El gobierno del presidente de Brasil, Michel Temer, espera que un juez federal recomiende su remoción por una trama de financiamiento ilícito de su campaña, pero cree que puede evitar una decisión final del máximo tribunal electoral de Brasil hasta después de que termine su gestión en 2018, dijeron asesores.
Si Temer logra detener el proceso podrá seguir adelante con las reformas fiscales y las políticas de austeridad que han hecho avanzar a la moneda y las acciones de Brasil, lo que aumentará las oportunidades de la mayor economía de Latinoamérica de salir de una profunda recesión de dos años en 2017.
El caso ante el Tribunal Supremo Electoral (TSE) señala que fondos procedentes de prácticas ilícitas y de sobornos fueron usados en la campaña electoral de 2014 en la que Temer se postulaba como compañero de fórmula de la entonces mandataria Dilma Rousseff, quien fue destituida el año pasado tras un juicio político.
Nueva evidencia fue entregada el pasado miércoles por el encarcelado ex presidente ejecutivo del mayor grupo constructor de Brasil, Marcelo Odebrecht, quien confirmó al juez federal que maneja el caso que su compañía realizó pagos ilegales a la campaña de Temer y Rousseff.
Ahora se espera que el juez Herman Benjamin presente sus recomendaciones sobre el caso en las próximas semanas, de acuerdo con asesores de la presidencia.
Si el magistrado recomienda la remoción del mandatario y ese fallo es ratificado por la máxima corte electoral, Temer podría verse obligado a dejar el cargo y un sucesor elegido por el Congreso tendría que llevar las riendas del país hasta las elecciones de fines de 2018. Pero Temer está ganando tiempo y cuenta con posibles apelaciones que podrían alargar el proceso hasta las próximas elecciones, cuando se espera que no se presente como candidato, dijo el pasado jueves un asesor de la presidencia. “Hay una amplia gama de opciones de apelación.

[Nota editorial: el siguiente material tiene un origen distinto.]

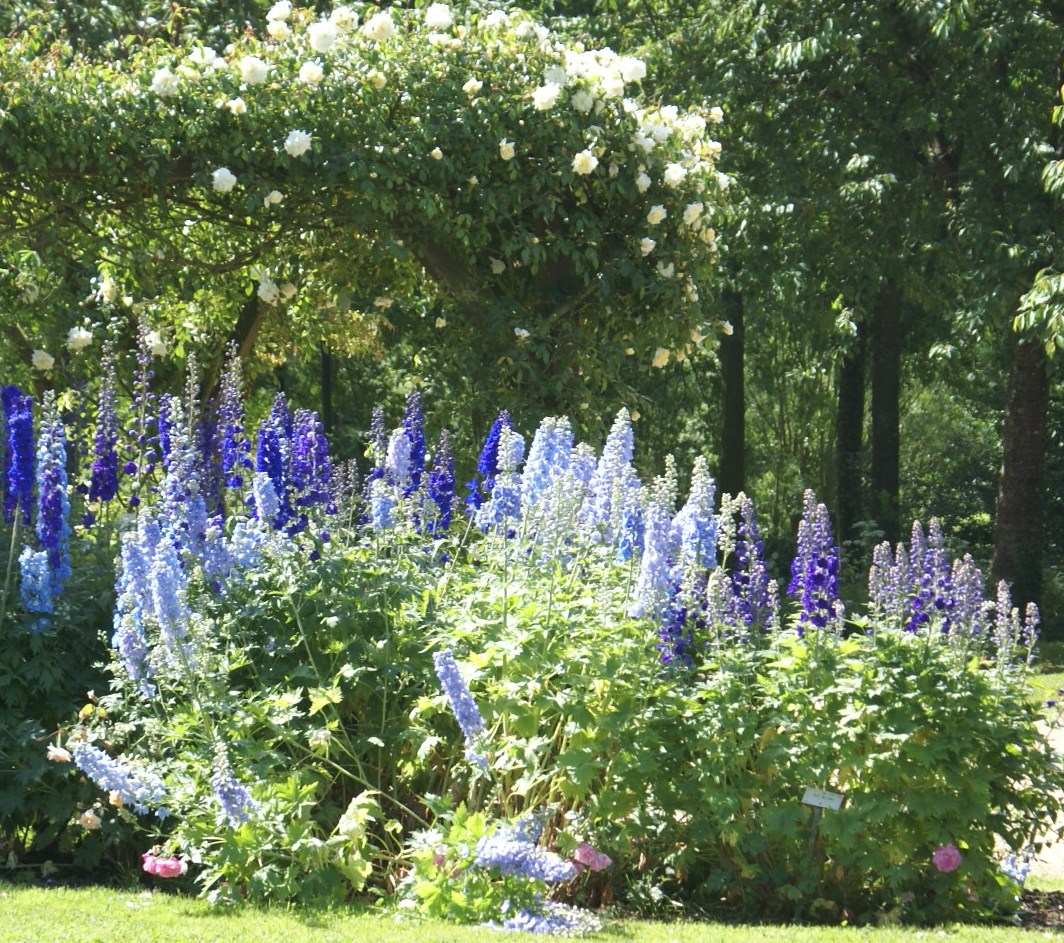 Un jardin secret constitué de simples (les médicinales), une allée des petits fruits, un camaïeu de verts, un orgue végétal de delphiniums, digitales, haricots grimpants sur des treillis, arroche..., un clos bleu ou rouge...
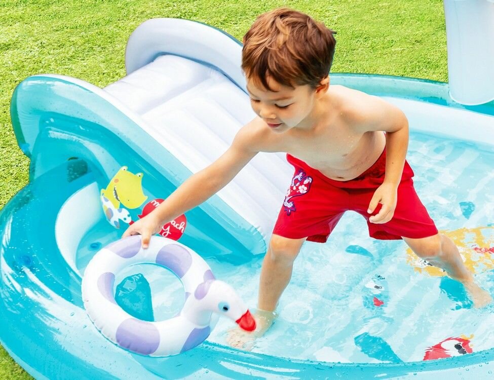 Лучшие цены. Яркий, красочный и многофункциональный детский центр для игр с водой оснащен всеми необходимыми элементами. В комплекте надувное ведерко, надувной круг в виде утки и фонтан-аллигатор. Насос приобретается отдельно. Магазины в вашем городе.
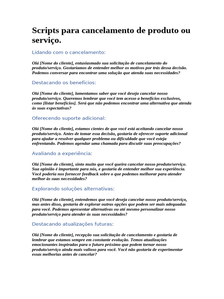 Olá [Nome do cliente], sinto muito que você esteja considerando cancelar nosso
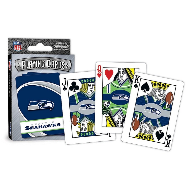 Set includes 52 playing cards and 2 jokers. Card size is 3.5 x 2.5 inch. All face cards and jokers have individuallized team designs. Ace of Spades has special wood cut football design. Made by MasterPieces Puzzles.
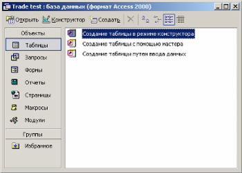 Основные разделы главного окна соответствуют типам объектов, которые может содержать база данных Access. Это Таблицы, Запросы, Отчеты, Макросы и Модули. Заголовок окна содержит имя файла базы данных. В данном случае он называется TradeTest.
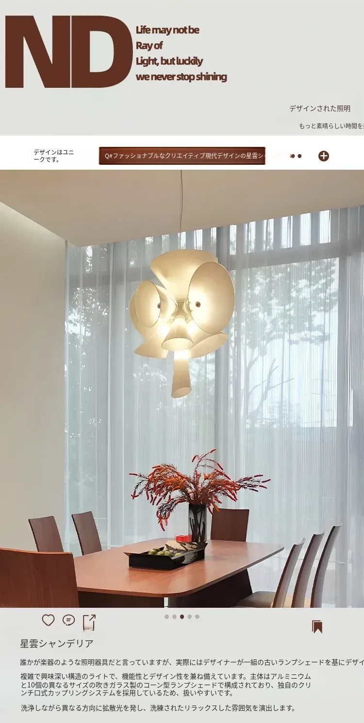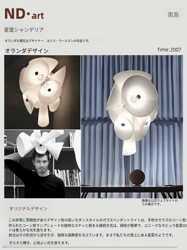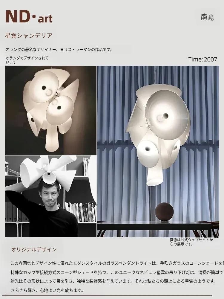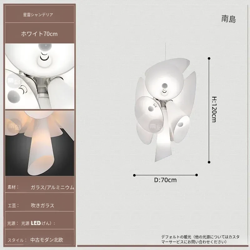 イタリア製ネビュラシャンデリア - フレンチ・北欧デザインの洗練されたガラスランプ。リビング、ダイニング、階段、別荘に最適!ヴィンテージ感溢れるスタイルで、優雅な空間を演出します。
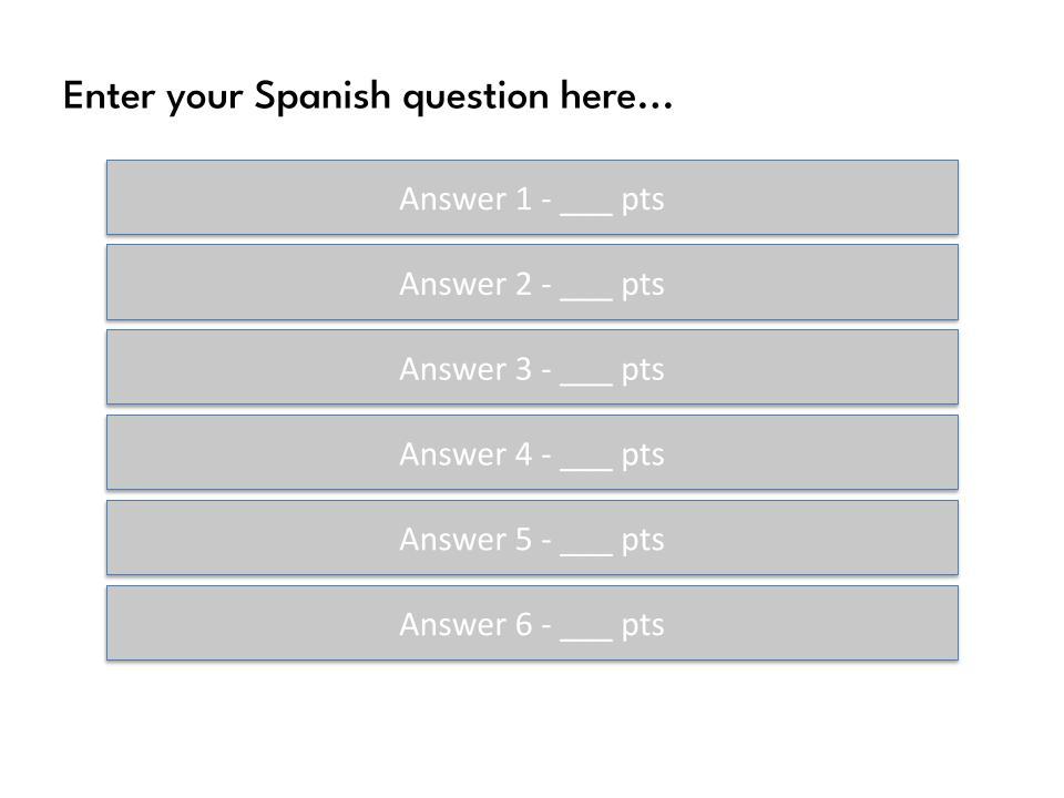 - Read the question aloud in Spanish. The first student to buzz in (or raise their hand) answers. If they get the top answer or a high-ranking one, they can choose to “play” or “pass.”
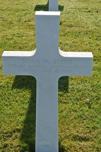 Hans Kloss's parents immigrated from Germany. He attended Chtistine High School where he participated in several sports. Together with his twin sister Margaret, he attended Texas A & I University.Statement from 2nd Lt George A. Gammon, Co-Pilot ship #44-8113
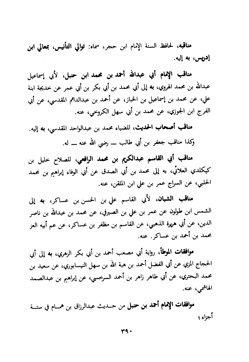 مناقبه لحافظ السنة الإمام ابن حجر سماه توالي التأنيس بمعالي ابن ادريس به اليه. مناقب الإمام عبد الله احمد بن محمد ابن حنبل لأبي اسماعيل عبد الله بن محمد الهروي به الي ابي محمد بن ابي بكر بن ابي عمر عن خديجة ابنة علي عن محمد بن اسماعيل بن الخباز عن احمد بن عبد الدائم المقدسي عن ابي الفرج ابن الجوزي عن محمد بن ابي سهل الكروخي عنه. مناقب اصحاب الحديث للضياء محمد بن عبد الواحد المقدسي به اليه وكذا مناقب جعفر بن ابي طالب – رضي الله عنه – له. مناقب ابي القاسم عبد الكريم بن محمد الرافعي للصلاح خليل بن كيكلدي العلائي به الي محمد بن ابي الصدق عن ابي الوفاء ابراهيم بن محمد الحلبي عن السراج عمر بن علي ابن الملقن عنه. مناقب الشبان لأبي القاسم علي بن الحسن بن عساكر به الي الشمس ابن طولون عن عمر بن علي بن الصيرفي عن محمد بن عبد الله بن ناصر الدين عن ابي هريرة الذهبي عن القاسم بن مظفر بن عساكر عن عم ابيه العز محمد بن احمد بن عساكر عنه. موافقات الموطأ رواية ابي مصعب احمد بن ابي بكر الزهري به الي ابي الحجاج المزي عن ابي الفضل احمد بن هبة الله بن سهل النيسابوري عن سعيد بن محمد البحتري عن ابي طاهر زاهر بن احمد السرخسي عن ابراهيم بن عبد الصمد الهاشمي عنه. موافقات الإمام احمد بن حنبل من حديث عبد الرزاق بن همام في ستة اجزاء،

El presidente piensa que esto se arrastrará hasta 2019”, indicó el asesor, que prefirió mantenerse en el anonimato.
Expertos legales señalan que la corte está compuesta por magistrados conservadores que no serían proclives a remover a un presidente, pero que eso podría cambiar si la recesión por la que atraviesa el país continúa y las investigaciones sobre corrupción paralizan al Gobierno.